To do: Quote word for word the lines below, beginning with the first and ending with the one that has "Byt se nabízí". Drop the pictures.

Given material:

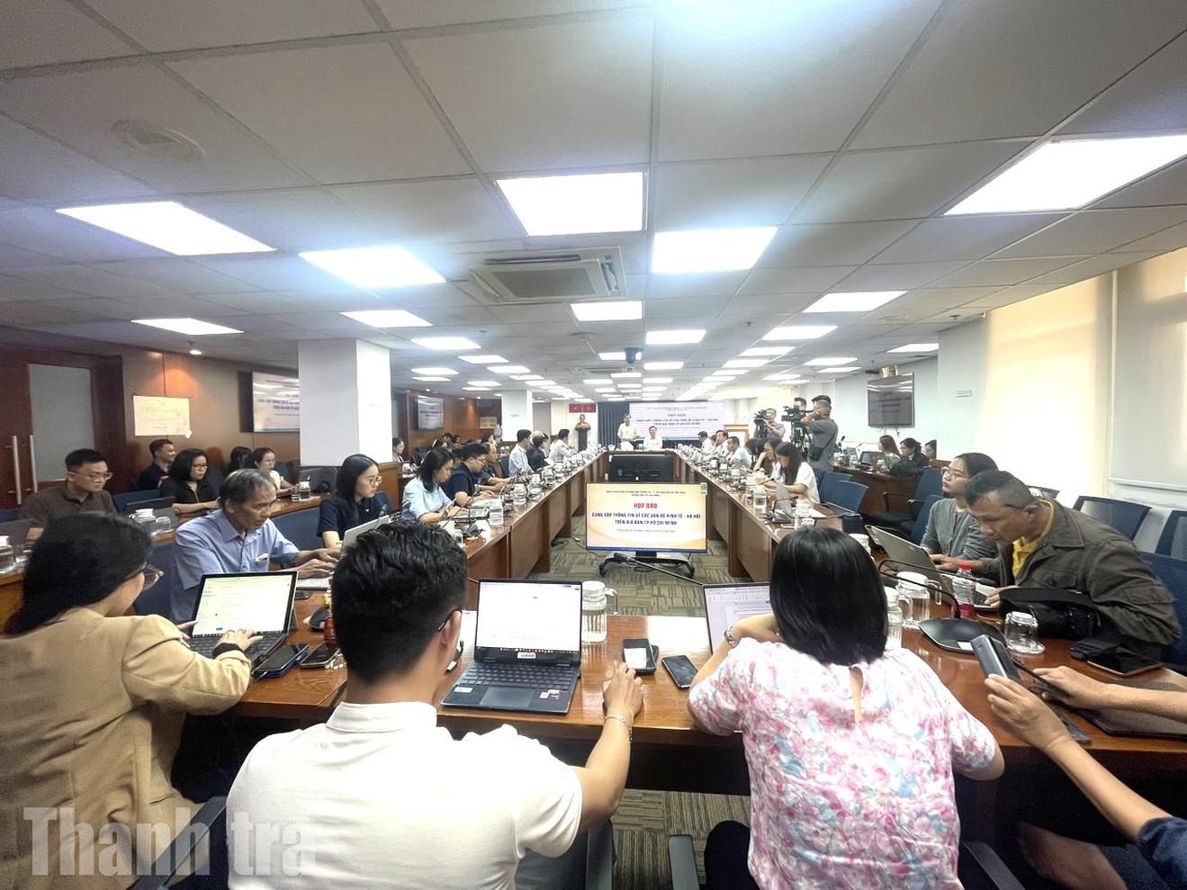 Buổi họp báo thông tin về các vấn đề kinh tế - xã hội trên địa bàn TPHCM. Ảnh: Thu Huyền
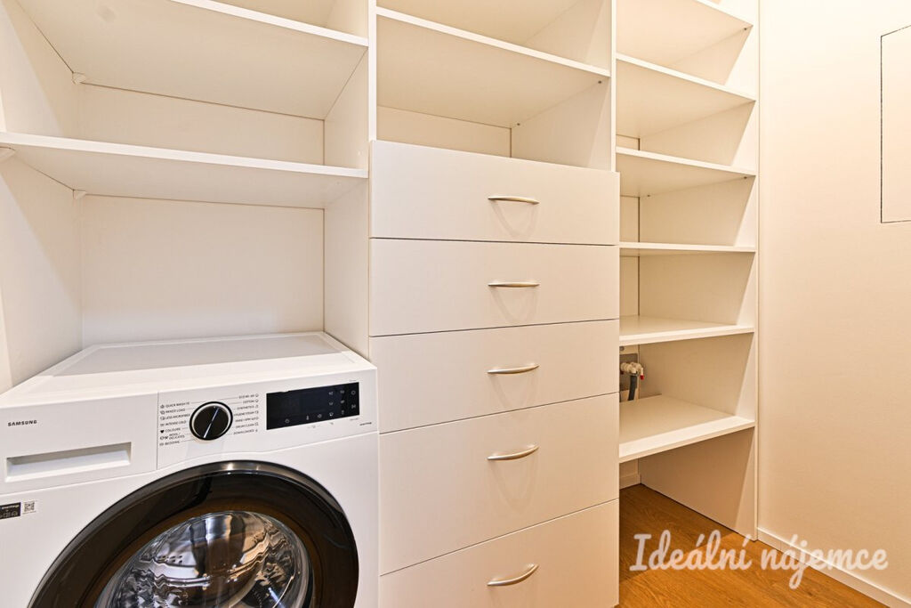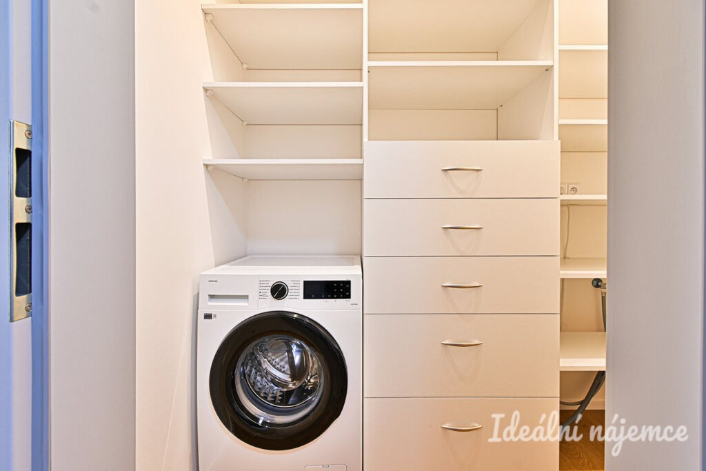 Byt se nabízí vybavený dle fotografií. Kuchyně je vybavena vestavěnými spotřebiči – troubou, varnou deskou, digestoří, lednicí a myčkou. V koupelně je sprchový kout, umyvadlo, toaleta. Výhodou je praktická komora/ šatna s pračkou.
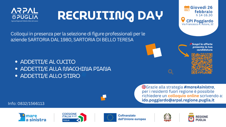 Giovedì 26 febbraio 2026, il Centro per l’Impiego di Poggiardo ospiterà il Recruiting Day organizzato da Arpal Puglia. L’appuntamento è presso gli uffici di via Francesco A. Astore 32, dalle ore 14:00 alle ore 16:30.

Exercise solution:
 Buổi họp báo thông tin về các vấn đề kinh tế - xã hội trên địa bàn TPHCM. Ảnh: Thu Huyền
 Byt se nabízí vybavený dle fotografií. Kuchyně je vybavena vestavěnými spotřebiči – troubou, varnou deskou, digestoří, lednicí a myčkou. V koupelně je sprchový kout, umyvadlo, toaleta. Výhodou je praktická komora/ šatna s pračkou.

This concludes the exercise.